“The Commerce Committee inquiry into finance company failures will provide a welcome opportunity to correct some misperceptions about moratoria and – perhaps – to revisit some earlier policy decisions,” says Roger Wallis, a partner at Chapman Tripp.
Chapman Tripp has a particular interest in moratoria having acted for the majority of them, particularly the biggest ones.*
“A moratorium can offer a better outcome to investors than receivership and can be more innovative and tailored to individual circumstances. A lot of the things that the inquiry will look into are already covered by moratoria we have been involved with,” he said.

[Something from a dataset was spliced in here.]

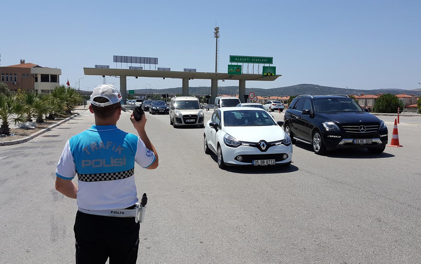 Denizhan Güzel (ÇEŞME)- Türkiye’nin e n gözde tatil beldelerinden birisi olan İzmir’in Çeşme ilçesi sabah saatlerinden itibaren tatilcilerin akınına uğradı.Alaçatı ve Çeşme otoban gişelerinde yoğunluk yaşanırken,emniyet güçlerinin de güvenlikuygulamaları devam ediyor.
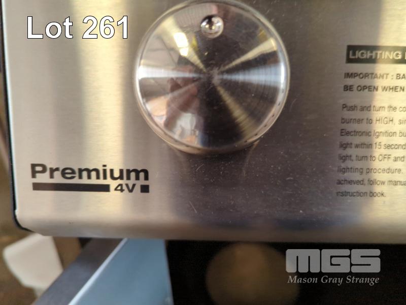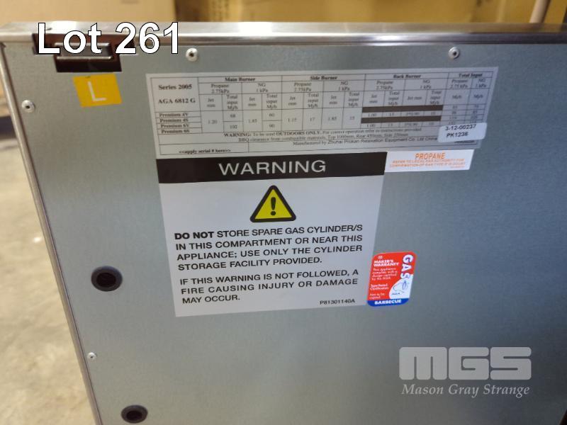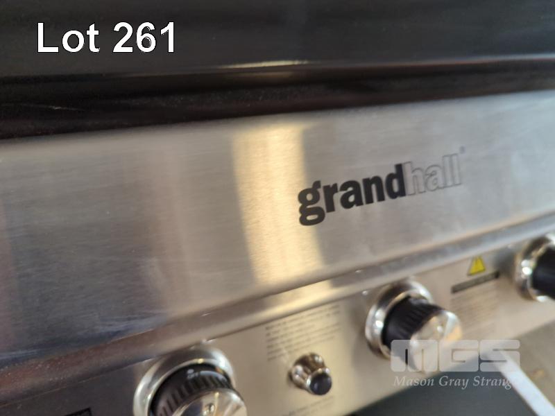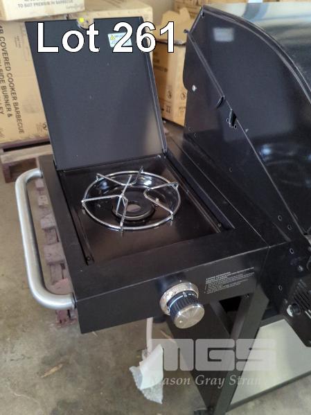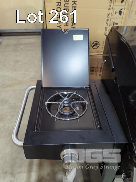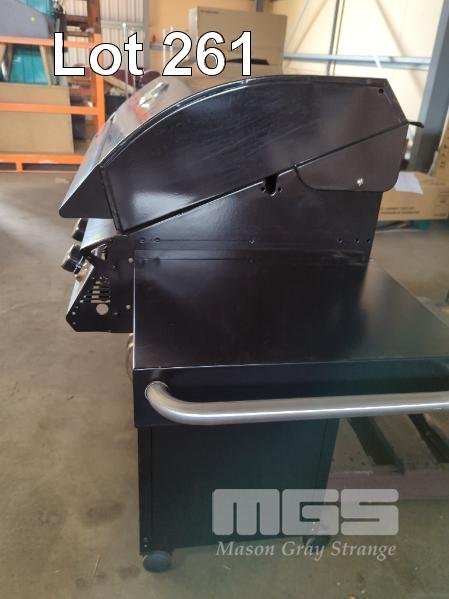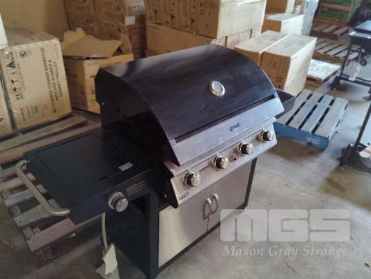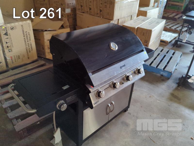 GRANDHALL PREMIUM 4V GLOSS BLACK COVERED COOKER GAS BBQ. 4-BURNER WITH SIDE BURNER & CABINET TROLLEY. NEW IN BOX (2 x BOXES). RRP $599

He noted that the Terms of Reference, which the committee had been developing behind closed doors over the last two months, were incredibly wide-ranging and covered a number of issues which had either already been regulated for or would have been regulated for by next year.

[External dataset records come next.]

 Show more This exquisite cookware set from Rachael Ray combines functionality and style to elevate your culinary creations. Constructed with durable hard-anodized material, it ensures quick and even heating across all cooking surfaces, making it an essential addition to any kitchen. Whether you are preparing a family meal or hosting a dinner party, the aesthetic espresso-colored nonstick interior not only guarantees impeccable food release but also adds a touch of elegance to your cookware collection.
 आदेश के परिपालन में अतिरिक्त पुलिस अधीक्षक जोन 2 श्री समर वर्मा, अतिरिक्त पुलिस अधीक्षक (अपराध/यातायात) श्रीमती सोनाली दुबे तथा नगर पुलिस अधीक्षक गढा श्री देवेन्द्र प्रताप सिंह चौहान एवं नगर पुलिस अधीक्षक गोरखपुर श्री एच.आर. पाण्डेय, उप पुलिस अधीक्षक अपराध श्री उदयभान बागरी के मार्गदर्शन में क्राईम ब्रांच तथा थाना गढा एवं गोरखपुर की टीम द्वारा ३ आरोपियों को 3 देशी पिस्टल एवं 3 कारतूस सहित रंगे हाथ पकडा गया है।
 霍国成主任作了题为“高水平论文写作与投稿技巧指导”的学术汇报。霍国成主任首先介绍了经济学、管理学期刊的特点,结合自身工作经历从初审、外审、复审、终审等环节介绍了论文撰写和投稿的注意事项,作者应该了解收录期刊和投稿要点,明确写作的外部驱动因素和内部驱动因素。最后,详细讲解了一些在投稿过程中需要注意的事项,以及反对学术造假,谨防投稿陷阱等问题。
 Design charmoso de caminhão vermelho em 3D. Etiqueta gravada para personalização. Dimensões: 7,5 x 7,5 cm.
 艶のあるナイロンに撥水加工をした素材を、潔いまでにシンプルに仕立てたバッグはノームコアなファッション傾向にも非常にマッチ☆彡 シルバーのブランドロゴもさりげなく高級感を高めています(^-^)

“As a result of all this regulation, the environment the committee will be reporting into will be quite different to the environment that applied in 2007 when the financial collapses began.

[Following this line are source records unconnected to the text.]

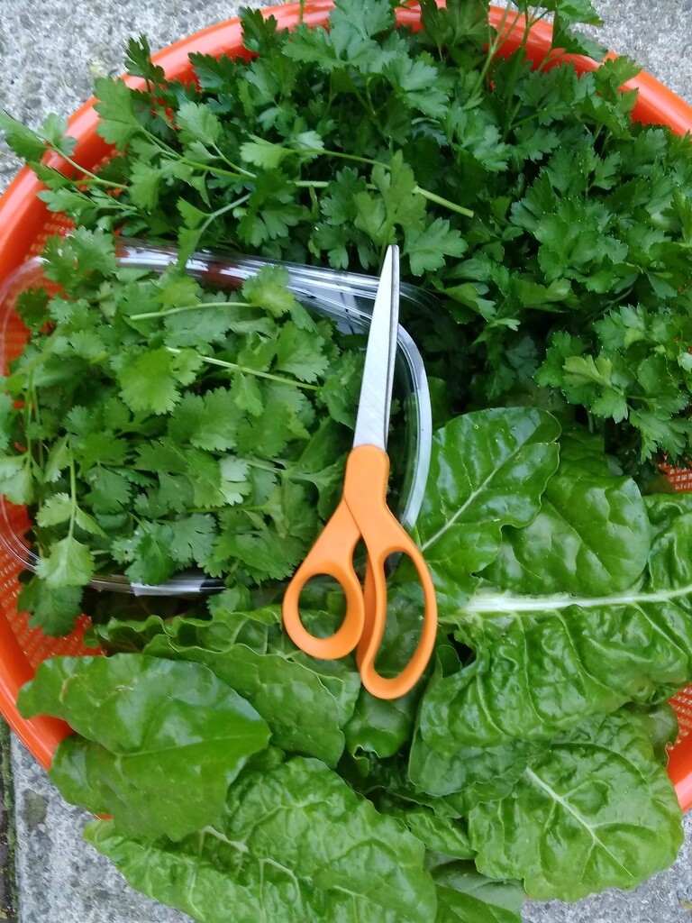 Harvest of beautiful herbs and greens.
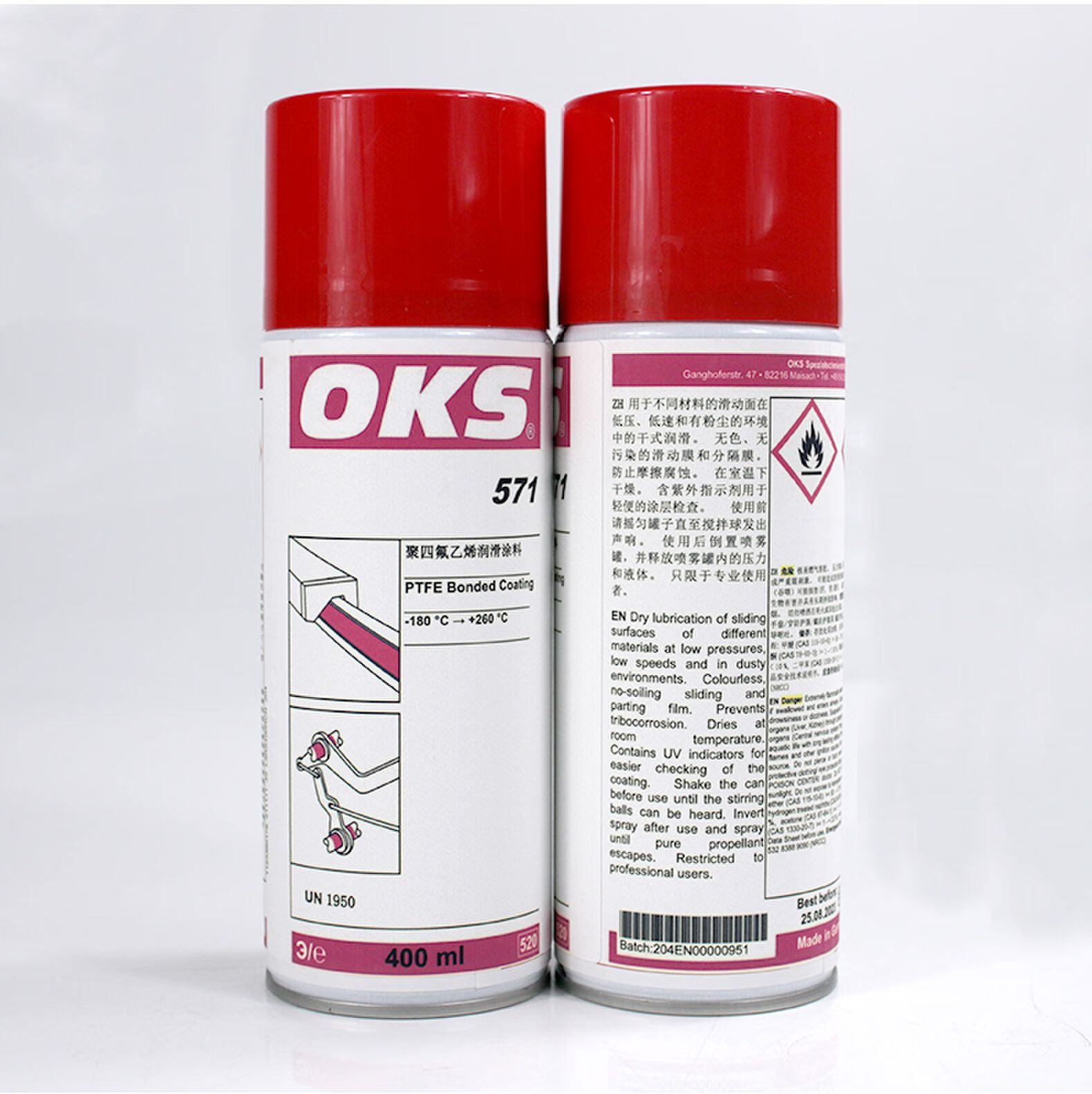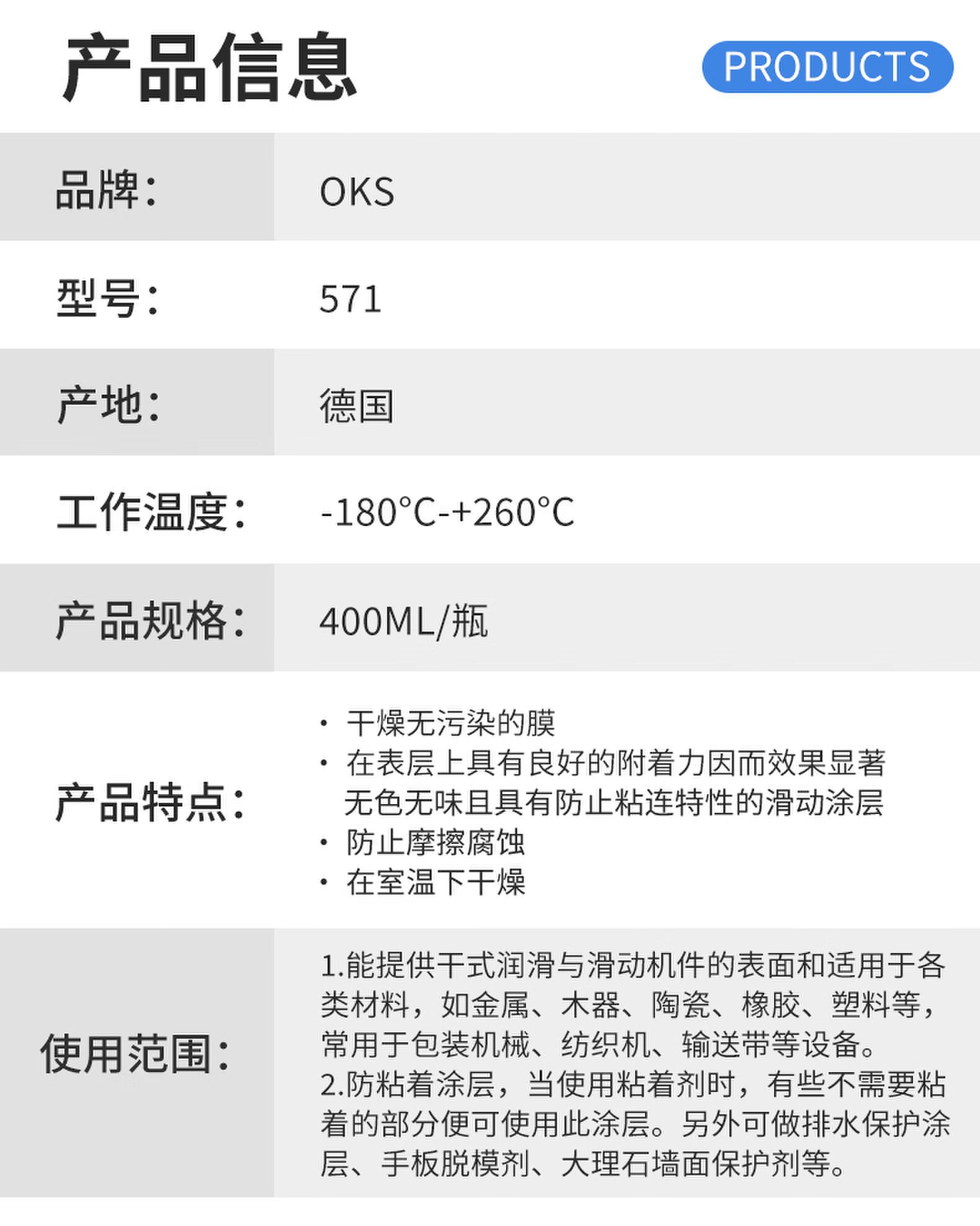 German OKS571 Teflon non-stick coating spray PTFE polytetrafluoro dry lubricating anti-stick coating for textile machine packaging machinery conveyor belts
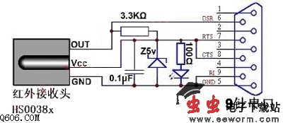 如图所示。该电路图简单到只有六个元件,而且可以直接去掉发光二极管(电源指示灯)和100Ω保护电阻以进一步简化电路。主要元件有 HS0038A红外遥控接收头、5V稳压管(1/4W)、发光二极管、9针串口插头、电阻(3.3KΩ和100Ω各一)、电解电容(0.1μF,10V以上)、万能印刷电路板、线材(至少3芯)以及电池盒(充当外壳)等一共不超过10元.
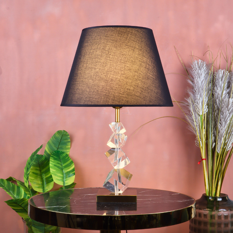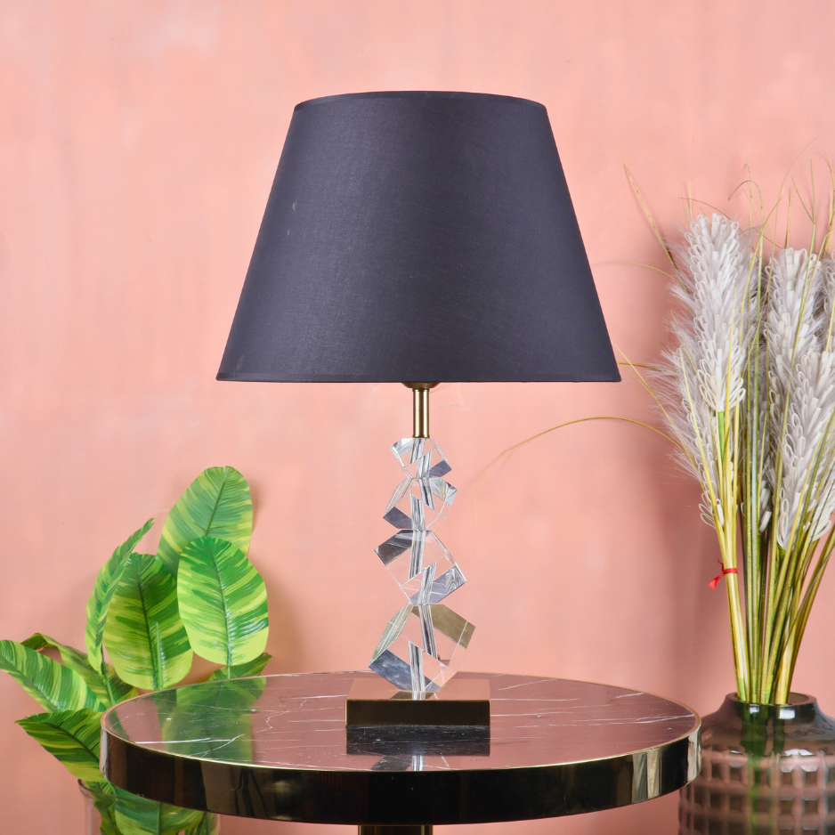 CYLORRAX Table Lamp – 54 cm Crystal Stack Design with Black Shade (E27 Compatible)

“Hopefully the committee will take the platform provided by the inquiry to rethink some earlier changes. A central plank of the regulatory regime for finance companies from next year, for example, is a mandatory requirement for credit ratings.
“We have seen over the last 18 months what happens to people who rely too heavily on credit ratings,” Roger Wallis said.
*Moratoria Chapman Tripp has advised on include: Hanover Group, OPI Pacific Finance, Boston Finance, North South Finance, Beneficial Finance and Orange Finance. Receiverships include: Bridgecorp, Belgrave Finance, Property Finance Securities, Western Bay Finance, Numeria Finance, Capital + Merchant Finance and Kiwi Finance.